The implementation of our Three Horizon Plan in 2019 successfully allowed us to convert our commercial pipeline, consistently increasing our sales as measured by Total Annual Value: new wins in this quarter surpassed $80 million, 4 times more than what we sold in the same period in 2018, and 50% more than Q1 2020. More than half of these revenues came from the U.S. We are proud to report that one of these wins is a contract with the State of Maryland where we assumed a front-line position in the fight against COVID by launching Atento’s Equitable Vaccination Distribution and Scheduling system using the Atento@home remote work solution, implemented in just two weeks.

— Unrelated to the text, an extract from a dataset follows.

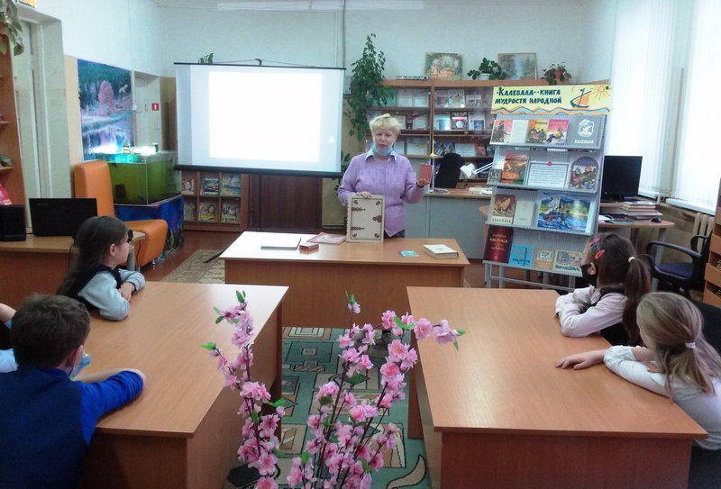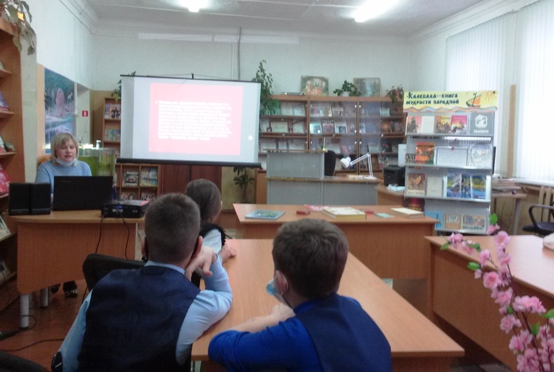 2021 год объявлен Годом карельских рун. Мы пригласили учащихся 3 класса (учитель С.Г. Сухомлинова) в библиотеку для знакомства с карело-финским эпосом «Калевала». Из показанной презентации школьники узнали о создателе «Калевалы» Элиасе Леннроте, неутомимом собирателе народных песен. Библиотекарь познакомила с основным сюжетом, связанным с историей создания мельницы Сампо и борьбы за нее, а также с эпизодами похищения солнца и луны и их освобождения. Также ребята познакомились с главными героями поэмы - мудрым Вяйнямейненом, кузнецом Илмариненом, веселым охотником Лемминкяйненом и злой старухой Лоухи. Дети посмотрели отрывок из кинофильма «Сампо», снятого по мотивам эпоса.

A year ago, we said we wanted to serve the right clients, with the right services, and that’s what we have been delivering. We have been able to attract born-digital and tech brands that, along with media, now comprise more than 10% of our total revenues. When we add US and EMEA revenues hard currencies account for 25% of total revenues, mitigating the impact of foreign exchange variations from our Latin American businesses. More importantly, these clients demand more sophisticated services, allowing for better margins.
We are seeing opportunities to extract additional operating efficiencies throughout the year. After accomplishing annualized cost savings of $85 million in 2020, of which $60 million is being carried forward to 2021, we started the year focusing on contract profitability. There are important factors that impact the profitability of each program, and we have a delivery group currently implementing initiatives to best balance these factors so that we can improve our returns while improving service range and quality to our clients.

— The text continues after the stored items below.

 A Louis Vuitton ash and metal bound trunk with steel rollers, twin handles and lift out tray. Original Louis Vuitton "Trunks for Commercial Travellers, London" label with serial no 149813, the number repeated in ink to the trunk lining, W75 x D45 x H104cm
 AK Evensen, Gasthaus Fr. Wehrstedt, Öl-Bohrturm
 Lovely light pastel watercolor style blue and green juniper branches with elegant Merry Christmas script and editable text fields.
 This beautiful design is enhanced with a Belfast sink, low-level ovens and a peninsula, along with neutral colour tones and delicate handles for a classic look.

As we said in our 2019 Investor Day, improving the capital structure of Atento is a key element for generating value to shareholders. This quarter we successfully completed our debt refinancing, issuing new $500 million Senior Secured Notes that mature in February 2026, extending the average life of our debt to 4.3 years from 1.5 years and paving the way to improve our capital structure. Fulfilling the commitment made to investors, the new notes are protected by hedging instruments consisting mainly of cross-currency swaps in BRL, PEN and Euro, with the coupons hedged through maturity, while the principal is hedged for a period of 3 years.
The demand for our CX services remains strong and Atento is more than prepared to serve this demand. The combination of top line growth, expansion of revenues in hard currencies and additional operational efficiencies coupled with the success of our debt refinancing strengthens our confidence in achieving our guidance for EBITDA margins and leverage targets for 2021 and 2022.